--- Records for this task ---

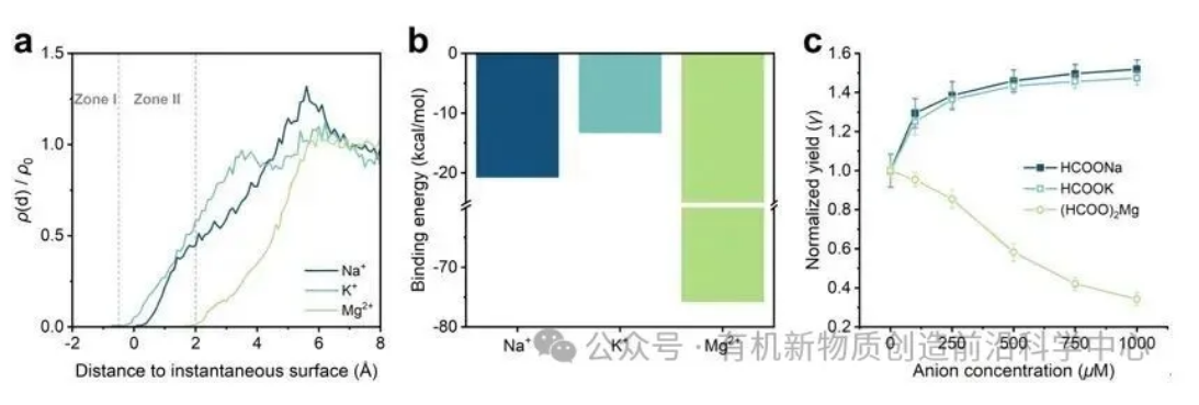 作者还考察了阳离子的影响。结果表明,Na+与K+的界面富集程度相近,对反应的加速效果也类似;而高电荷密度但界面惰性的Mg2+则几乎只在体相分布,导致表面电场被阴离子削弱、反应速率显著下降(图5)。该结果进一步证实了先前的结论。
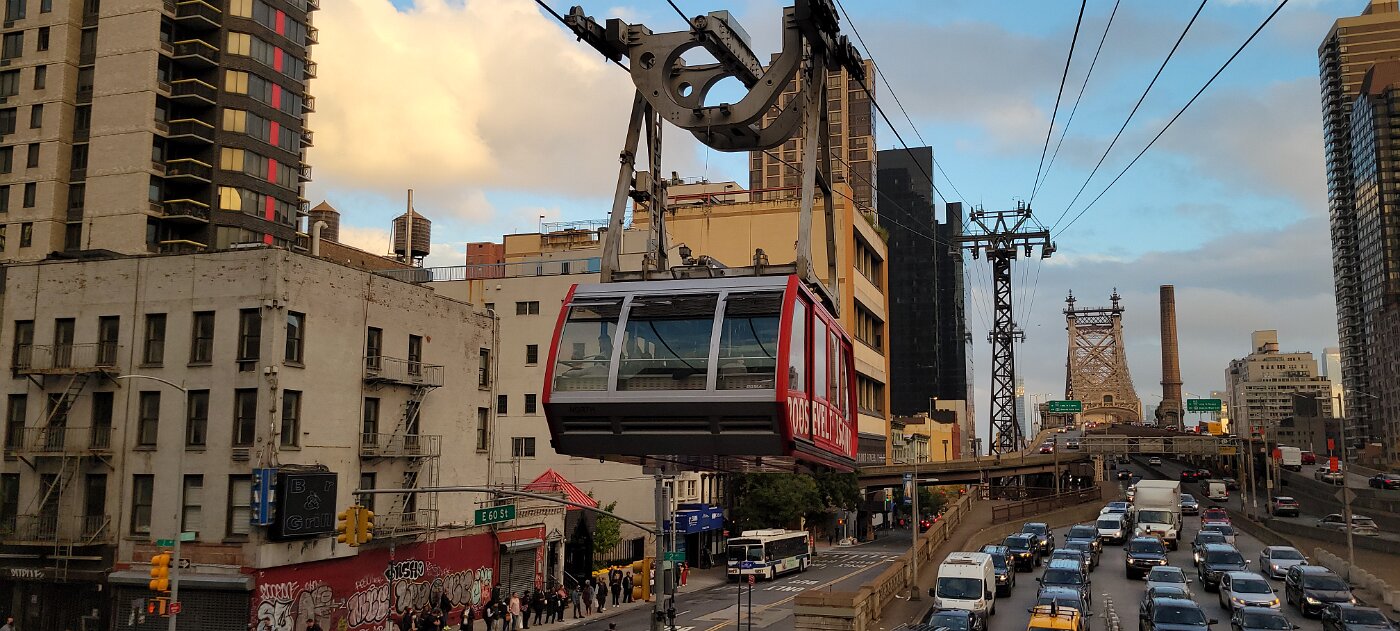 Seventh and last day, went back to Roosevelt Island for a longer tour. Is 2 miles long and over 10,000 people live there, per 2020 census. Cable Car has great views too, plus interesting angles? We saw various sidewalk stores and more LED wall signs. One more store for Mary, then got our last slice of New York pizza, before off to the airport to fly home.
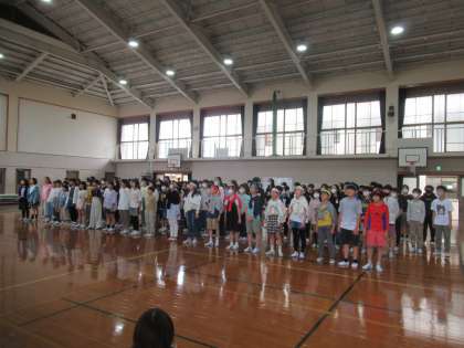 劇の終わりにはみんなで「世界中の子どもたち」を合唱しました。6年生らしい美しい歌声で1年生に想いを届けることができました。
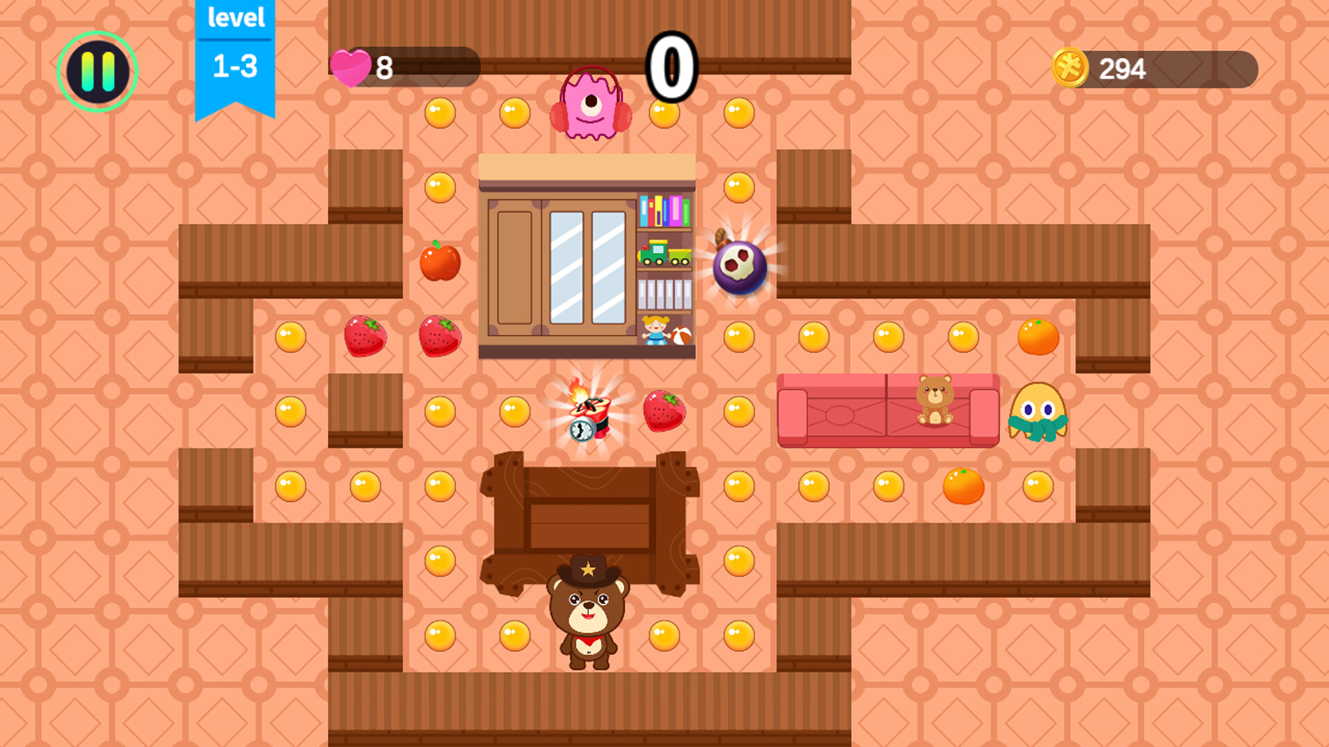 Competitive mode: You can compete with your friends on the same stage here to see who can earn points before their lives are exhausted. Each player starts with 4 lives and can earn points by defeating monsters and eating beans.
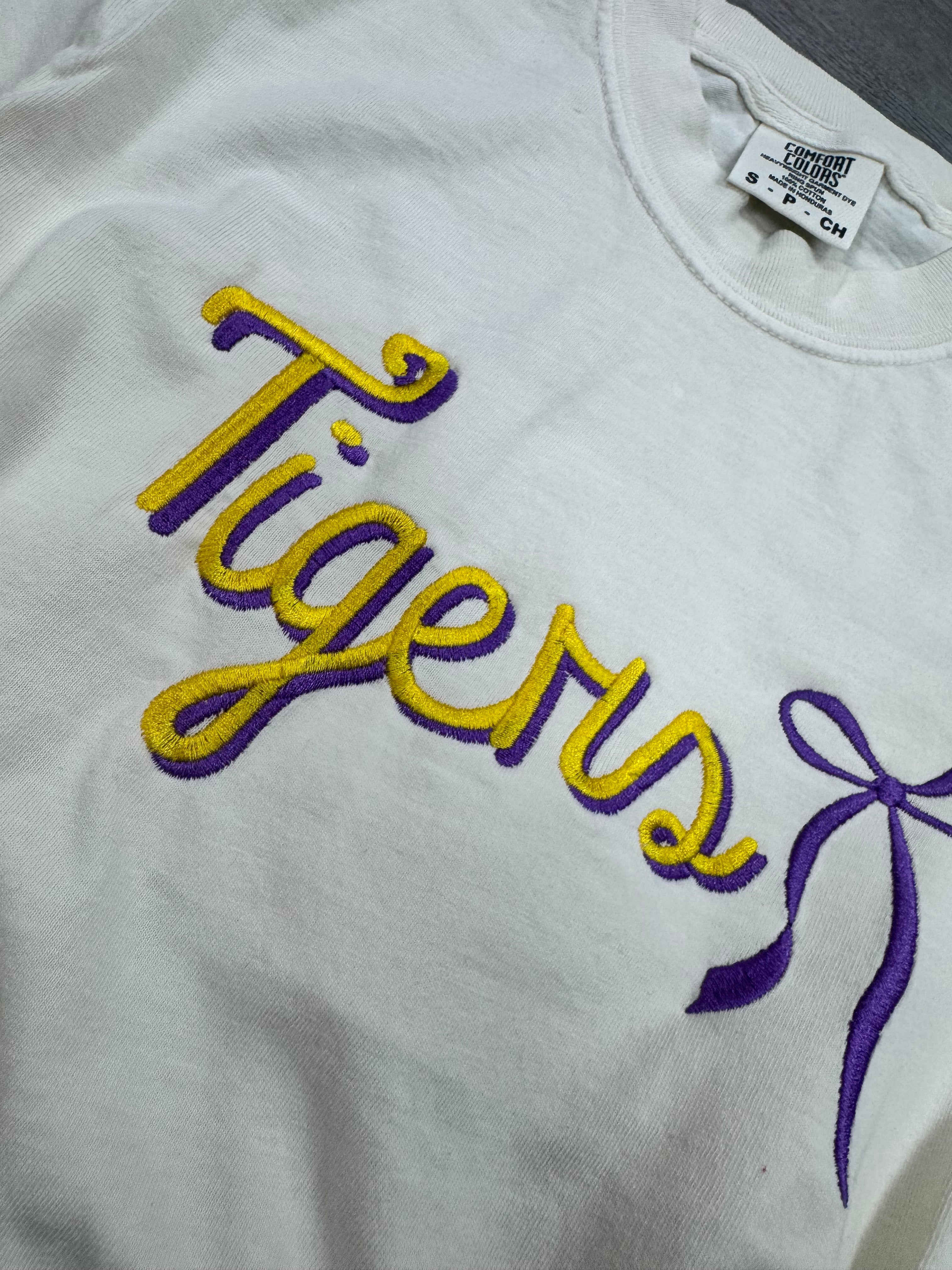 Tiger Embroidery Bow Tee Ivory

---
--- Records for this task ---

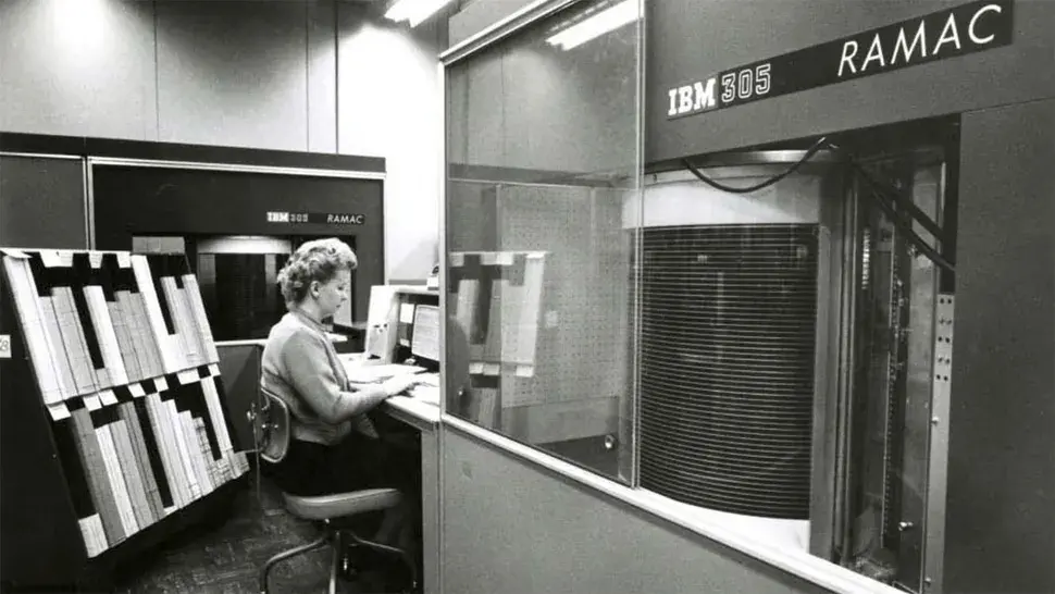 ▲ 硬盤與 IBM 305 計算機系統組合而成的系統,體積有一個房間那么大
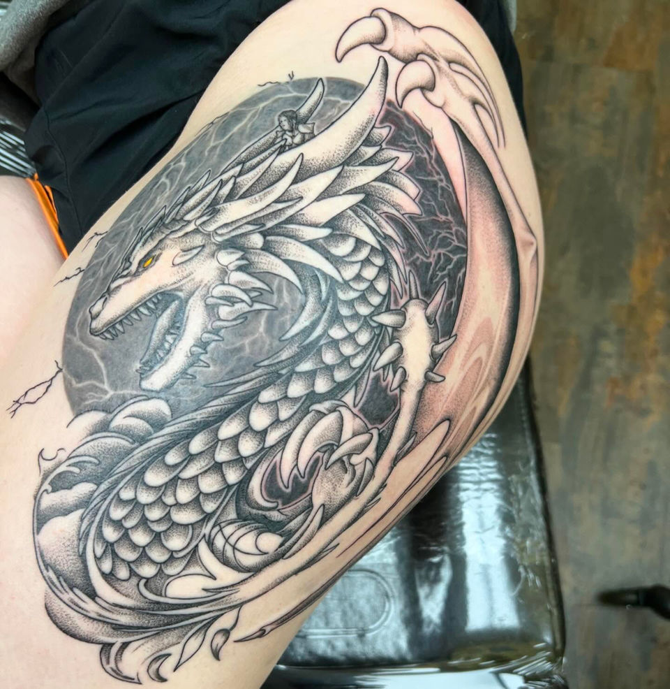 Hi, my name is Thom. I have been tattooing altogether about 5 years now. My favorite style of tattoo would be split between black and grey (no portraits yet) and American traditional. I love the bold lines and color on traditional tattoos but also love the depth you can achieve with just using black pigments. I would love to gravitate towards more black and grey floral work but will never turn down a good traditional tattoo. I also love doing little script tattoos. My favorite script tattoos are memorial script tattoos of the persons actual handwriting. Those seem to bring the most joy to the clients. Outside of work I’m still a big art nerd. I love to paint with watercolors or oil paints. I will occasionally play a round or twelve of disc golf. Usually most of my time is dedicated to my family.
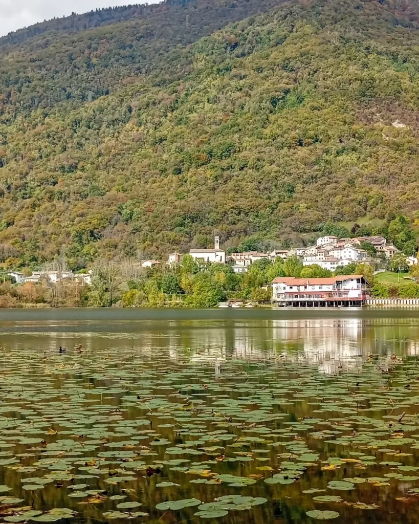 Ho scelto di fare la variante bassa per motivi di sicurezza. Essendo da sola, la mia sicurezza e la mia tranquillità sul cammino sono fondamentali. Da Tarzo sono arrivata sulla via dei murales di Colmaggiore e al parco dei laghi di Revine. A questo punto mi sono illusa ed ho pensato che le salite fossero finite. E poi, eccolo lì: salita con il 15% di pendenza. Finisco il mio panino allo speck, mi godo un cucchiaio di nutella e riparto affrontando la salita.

---
--- Records for this task ---

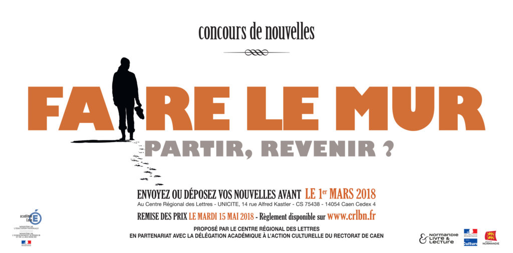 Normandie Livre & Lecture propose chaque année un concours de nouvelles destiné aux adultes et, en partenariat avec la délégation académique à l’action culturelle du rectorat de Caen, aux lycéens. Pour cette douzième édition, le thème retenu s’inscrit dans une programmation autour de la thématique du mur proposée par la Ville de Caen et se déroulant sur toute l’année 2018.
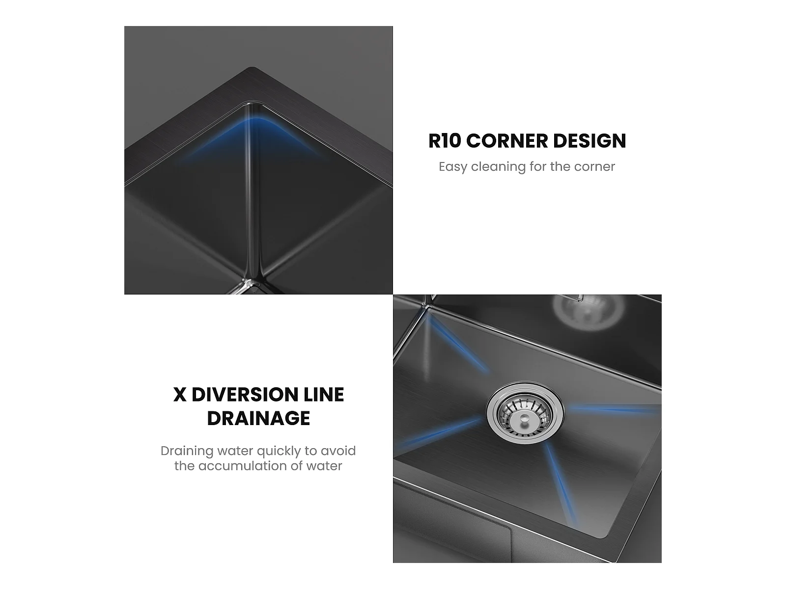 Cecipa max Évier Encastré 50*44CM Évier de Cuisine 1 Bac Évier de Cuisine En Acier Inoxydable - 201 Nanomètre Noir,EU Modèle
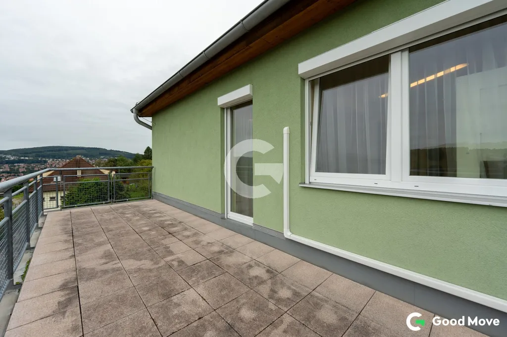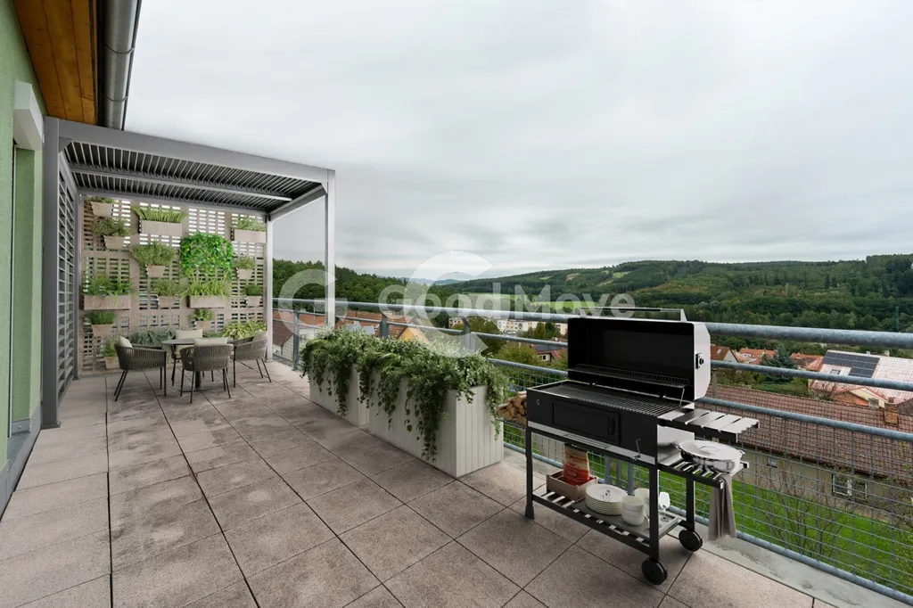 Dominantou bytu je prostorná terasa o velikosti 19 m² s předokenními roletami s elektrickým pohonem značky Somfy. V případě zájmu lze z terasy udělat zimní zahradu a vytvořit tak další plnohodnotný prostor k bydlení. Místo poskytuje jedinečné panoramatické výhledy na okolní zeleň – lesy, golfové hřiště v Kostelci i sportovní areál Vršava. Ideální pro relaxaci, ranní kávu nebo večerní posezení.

---

Work item:
The line holding "作者还考察了阳离子的影响。结" starts the copy and the line holding "Competitive mode: You" ends it. Repeat those two lines above and all between them exactly, leaving out pictures.

Task solution:
 作者还考察了阳离子的影响。结果表明,Na+与K+的界面富集程度相近,对反应的加速效果也类似;而高电荷密度但界面惰性的Mg2+则几乎只在体相分布,导致表面电场被阴离子削弱、反应速率显著下降(图5)。该结果进一步证实了先前的结论。
 Seventh and last day, went back to Roosevelt Island for a longer tour. Is 2 miles long and over 10,000 people live there, per 2020 census. Cable Car has great views too, plus interesting angles? We saw various sidewalk stores and more LED wall signs. One more store for Mary, then got our last slice of New York pizza, before off to the airport to fly home.
 劇の終わりにはみんなで「世界中の子どもたち」を合唱しました。6年生らしい美しい歌声で1年生に想いを届けることができました。
 Competitive mode: You can compete with your friends on the same stage here to see who can earn points before their lives are exhausted. Each player starts with 4 lives and can earn points by defeating monsters and eating beans.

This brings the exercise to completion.